Я — честный человек, герой, можно сказать. Да, попал в плен, но бежал. Более того, захватил целую подводную лодку с шифромашиной! Меня наградить должны, а не мариновать в застенках. Они ведь во всем разберутся рано или поздно? Подозрения оправданы, но правда — есть правда.
Скрипнула дверь, меня, головой вперед, швырнули в узкую комнату и коротко бросили:
— Ждать!
Руки, кстати, не освободили, они так и остались скованными за спиной наручниками. Поэтому я с трудом удержал равновесие, но все же врезался грудью в стоявший посреди комнаты стол.
Больно!
Стол оказался прикрученным к полу и даже не шелохнулся. С двух сторон от него стояло по стулу, тоже крепко зафиксированных. Подумав, я сел на тот, который, скорее всего, предназначался следователю: спиной к крохотному забранному решеткой окошку на высоте пары метров.
Что же, подождем развития событий. Паники я не чувствовал, страха тоже.
Прошло десять минут, потом полчаса… через час я начал волноваться, не забыли ли обо мне? Через полтора клял местное начальство за неторопливость, через два уже просто недоумевал — им что, неинтересно узнать про лодку и все остальное?

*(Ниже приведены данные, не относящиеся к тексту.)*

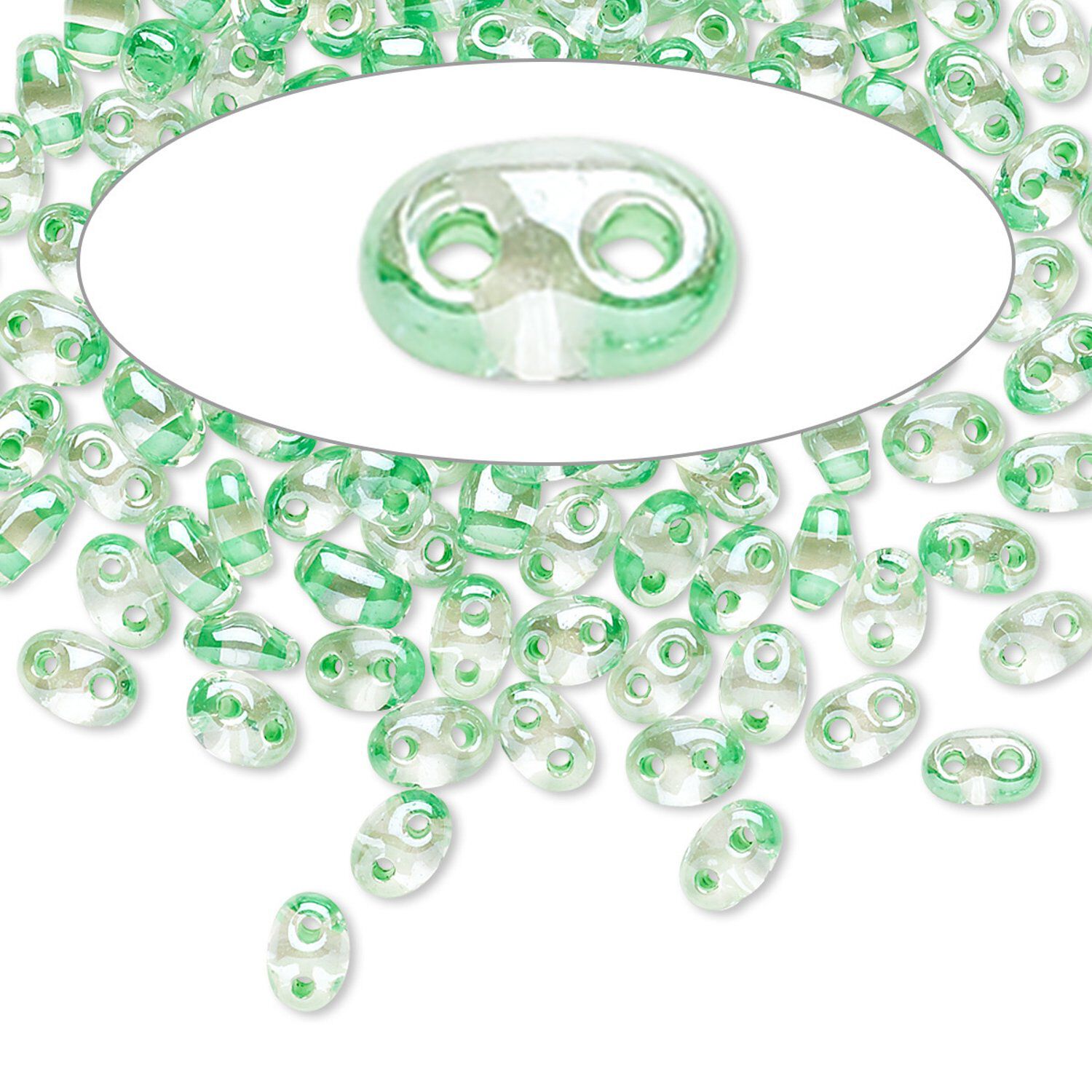 Seed bead, Preciosa Twin™ Czech glass, pkg/50g, 5x2.5mm oval, transparent light green terra color-lined clear, (38656).

Руки в наручниках стали затекать. Ситуация начала меня раздражать своим очевидным идиотизмом.
Наконец, на исходе третьего часа ожидания, дверь скрипнула, и в комнату вошли двое: давешний капитан со знакомыми черными ножнами в руках и здоровенный, двухметровый мужик — поперек себя шире, со сбитыми костяшками на кулаках и скучающим выражением на лице. Понятно. Первый будет допрашивать, второй — бить. Известный метод. Нет, определенно местные ребята мне не нравились.
— Встать! — неприятным голосом приказал капитан.
Я лениво потянулся и не шелохнулся. Вы не спешили, и я торопиться не буду.
Капитан очень удивился, настолько, что несколько долгих секунд не мог принять решение, видно не привык к подобному поведению своих подопечных. Потом все же кивнул здоровяку, и тот шагнул вперед, разминая руки. Он по очереди похрустел всеми пальцами и потянул ко мне огромные, как саперные лопатки, ладони.
Бить будет? Лицо у меня не казенное, а организм, хоть и усиленно заживлял раны до сих пор, но тоже устал от постоянной необходимости работать в экстренном режиме.
Эх, жаль, что наручники с меня так и не сняли. Но ноги-то у меня были свободны!
Особо не задумываясь, совершенно на автомате, я пнул громилу, удачно попав ему прямо между ног в причинное место. Тот заорал от резкой боли, ноги у него подогнулись, и он рухнул на пол. А я тут же добавил для верности носком сапога по ребрам. Будешь знать, сволочь, как связанных людей избивать! Ненавижу таких! Боец уже не орал, а лишь тихо поскуливал. Короткий пинок в челюсть — замолк.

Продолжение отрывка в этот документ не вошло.